A long-stalled measure to ban LGBT employment discrimination at the federal level made it back to both chambers of Congress last week, with both longtime and new Pennsylvania supporters.
U.S. Rep. Jared Polis (D-Colo.) and Sen. Jeff Merkley (D-Ore.) introduced the Employment Nondiscrimination Act on April 25. The House bill has 161 cosponsors while the Senate version has four. Both were last introduced in 2011 and died in committee.
The legislation would add sexual orientation and gender identity to the list of classes protected from discrimination in hiring, firing and promotions at companies nationwide with more than 15 employees. Current protected classes include race, age, religion and national origin, among several others.
The legislation has been introduced in every session but one since 1994 and was first proposed in 1974.
The Senate cosponsorship list does not yet include Sen.
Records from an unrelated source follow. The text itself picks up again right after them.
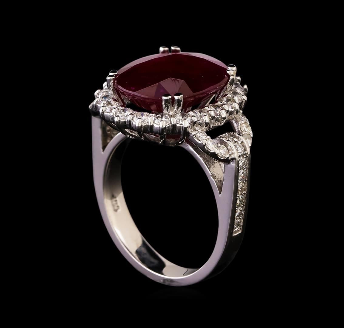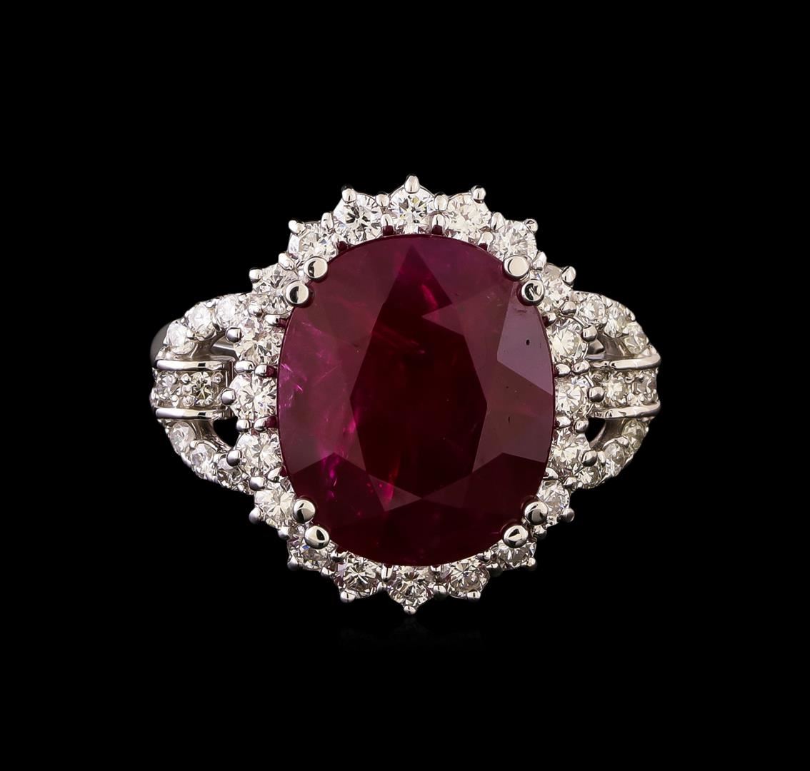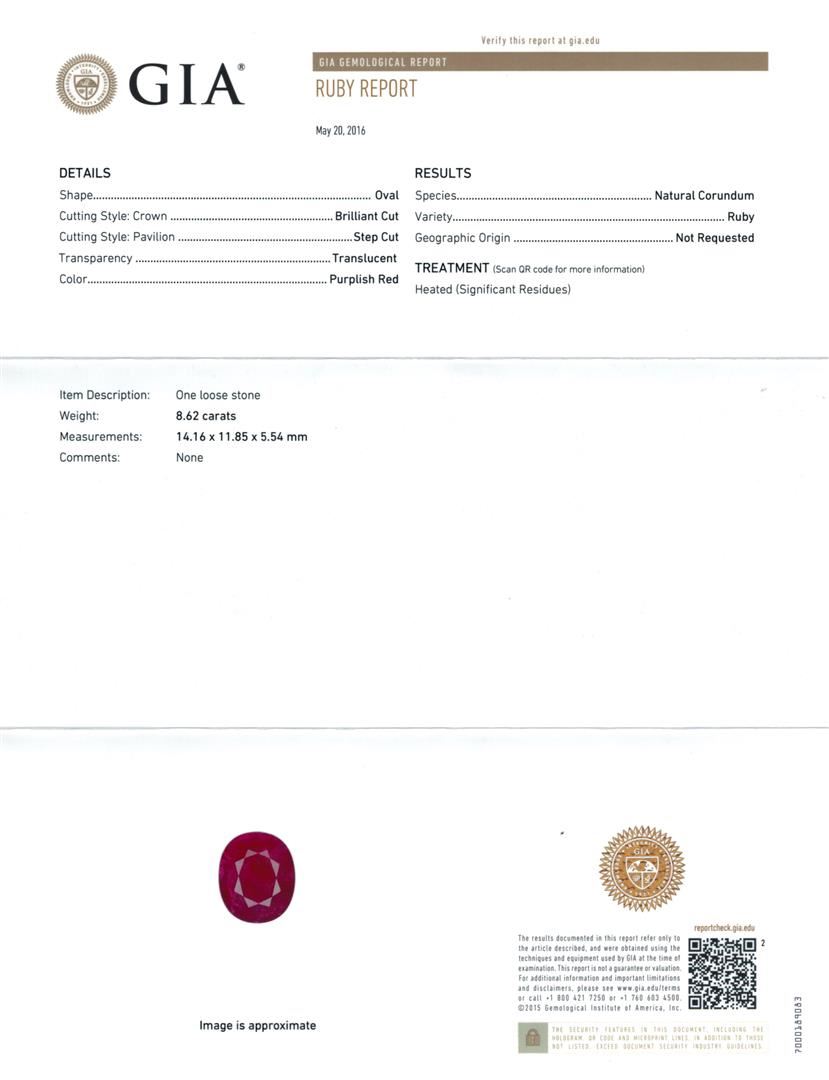 One electronically tested 14KT white gold lady's cast fashion ring with a split shank cathedral basket halo with a bright polish finish. The featured lady's ring has a shank measuring 3.58 millimeters in width. Identified with markings of 'K14'. Condition is new, good workmanship. Containing: One prong set oval modified mixed cut natural ruby, measuring 14.16 x 11.85 x 5.54mm, (depth est.) 10%. bulge factor, approximate weight of 8.62ct., clarity is heavily included, medium dark, moderately strong, slightly purplish red color, (GIA slpR 6/4), cut is very good. Transmitting light somewhat diffusely, transparent to translucent. Indications of laboratory high temperature heat treatment. Naturally occurring internal & external characteristics are present. Colored gemstones are presumed to have been subjected to commonly used enhancement processes. Graded loose prior to setting in the GIA Laboratory, Report #5171603381. Twenty prong set round brilliant cut diamonds, measuring 2.20 - 2.15 x 1.35mm (depth est.) approximate total weight of 20 Stones = 0.77ct. Graded in the setting. Clarity SI-1 to SI-2. Color: H - I Cut Good Twenty-Eight prong set round brilliant cut diamonds, measuring 1.60 - 1.55 x 0.98mm (depth est.) approximate total weight of 28 Stones = 0.42ct. Graded in the setting. Clarity SI-1 to I-1. Color: H - I Cut Good. Total Weight of Colored Stones 8.62ct.. Total Weight of Diamonds 1.19ct.. Total Weight of Ring 8.90gm. GAS Appraised at $25,490.00.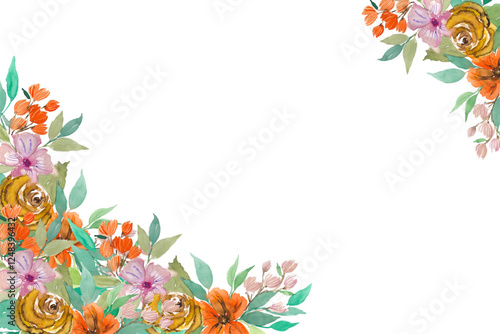 Watercolor flower border for wedding, birthday, card, background, invitation, wallpaper, sticker, decoration etc.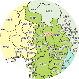 大阪府茨木市を中心に、高槻市、枚方市、寝屋川市、交野市、箕面市、吹田市、豊中市、摂津市、守口市、門真市、池田市、大阪市内、京都市、亀岡市、島本町、神戸市を営業範囲とさせて頂いております。 その他の地域でも対応が可能な場合がございますので、お気軽にご相談下さい。 |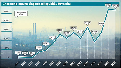 — Za kraj jedan informativan graf iz jučerašnjeg Jutarnjeg. Graf je zanimljiv jer daje dugoročni pregled FDIa sežući unazad do 1993. Podatak za 2007. je za prva tri kvartala u kojem je postignut isti rezultat za čitavu 2006. Iako je struktura FDI još uvijek nezadovoljavajuća (2/3 svih ulaganja su u financijskom sektoru zbog dokapitalizacija banaka i vlasničkog ulaganja dolaska Bayerische Landesbank), 2007. će sigurno biti rekordna po stranim investicijama. Ulaganja u proizvodne kapacitete za prva 3 kvartala iznose oko 600 milijuna eura.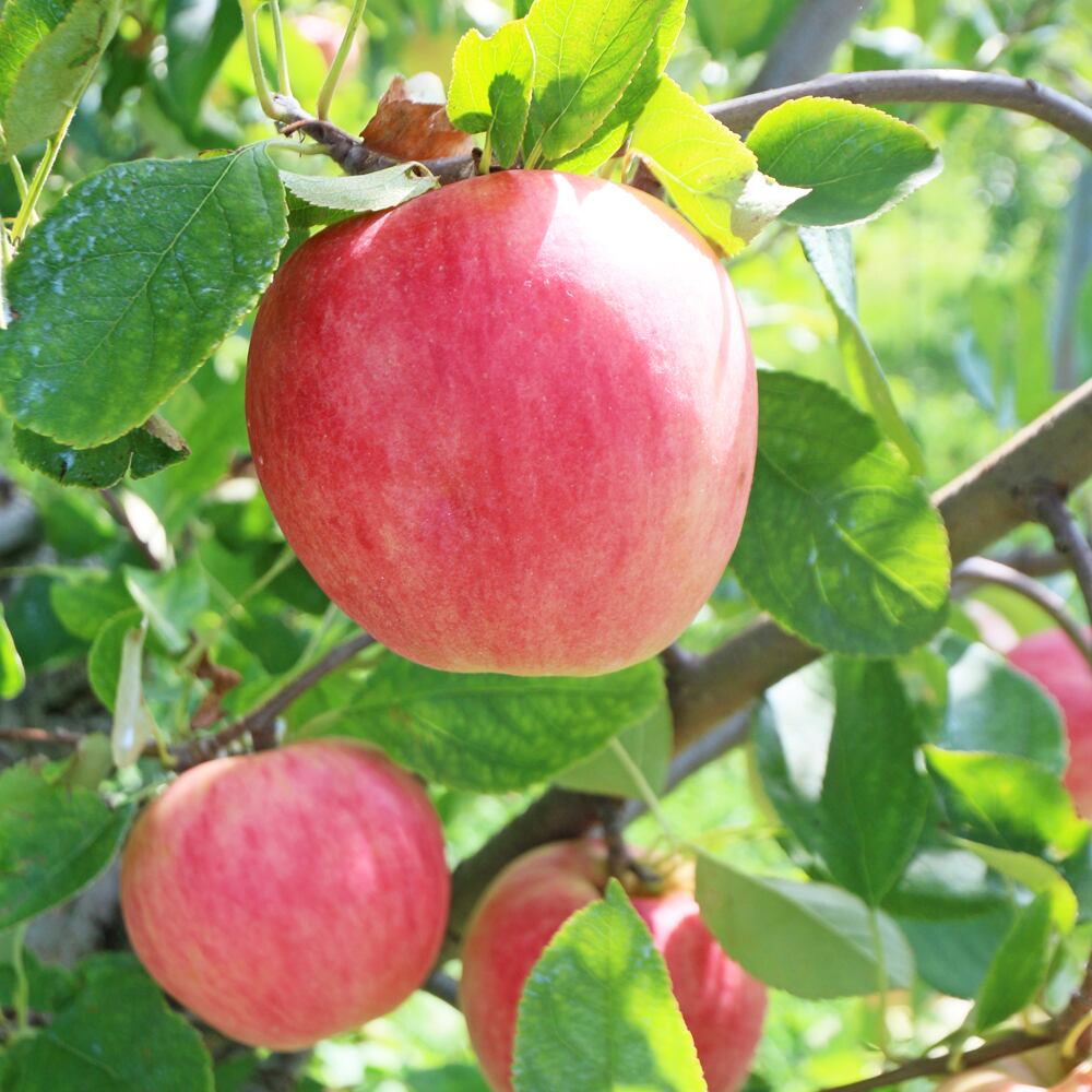 夏りんご "さんさ"。この地域では珍しい品種です。サクッとした軽やかな食感とりんごらしい甘酸っぱさが暑い夏にぴったりの、美味しいりんごです。

Bob Casey, who has supported the legislation in the past.
Returning to the House bill as cosponsors are Democratic Congressmembers from Pennsylvania Bob Brady (First Dist.), Michael Doyle (14th Dist.), Chaka Fattah (Second Dist.) and Allyson Schwartz (13th Dist.). New to the cosponsor list are Democrat Matt Cartwright (17th Dist.) and Republican Charlie Dent (15th Dist.).
Cartwright, a freshman lawmaker, has emerged as a strong LGBT ally, said Equality Pennsylvania president Adrian Shanker.
“When Equality Pennsylvania endorsed him last year, we knew he’d be a strong champion for equality and we were proved right,” Shanker said. “He’s backed every LGBT-related bill that’s come across his desk so far. And he represents a district in Northeastern Pennsylvania that includes places like Scranton, Wilkes-Barre, Stroudsburg — not places where we’d always expect a member of Congress to support every single LGBT-equality bill he could.”
Dent has voted for ENDA in the past but he hasn’t cosponsored it, and he’s one of just three Republicans cosponsors.
In a statement last week, Dent said he cosponsored the bill because he doesn’t “believe in any form of workplace discrimination, including discrimination based on sexual orientation.”
“Congressman Dent is a moderate Republican from the Lehigh Valley who has supported and opposed different pieces of LGBT legislation throughout the years, but he deserves a lot of credit for being one of just three Republican cosponsors for ENDA, as well as for the Uniting American Families Act,” Shanker said. “We need more Republicans in Congress willing to support basic nondiscrimination protections.”
Shanker added he hopes Dent’s leadership sways some Republican state legislators to back the state bill to ban LGBT discrimination in employment and other areas.
“I hope that some Republicans in the state House and Senate who share his commitment to some of the same issues will take a look at his cosponsorship of ENDA and realize that this is not at all a controversial issue or something that should be partisan,” Shanker said. “It’s an issue about basic equality for all Pennsylvanians. And I think we will see some Republicans following his lead.”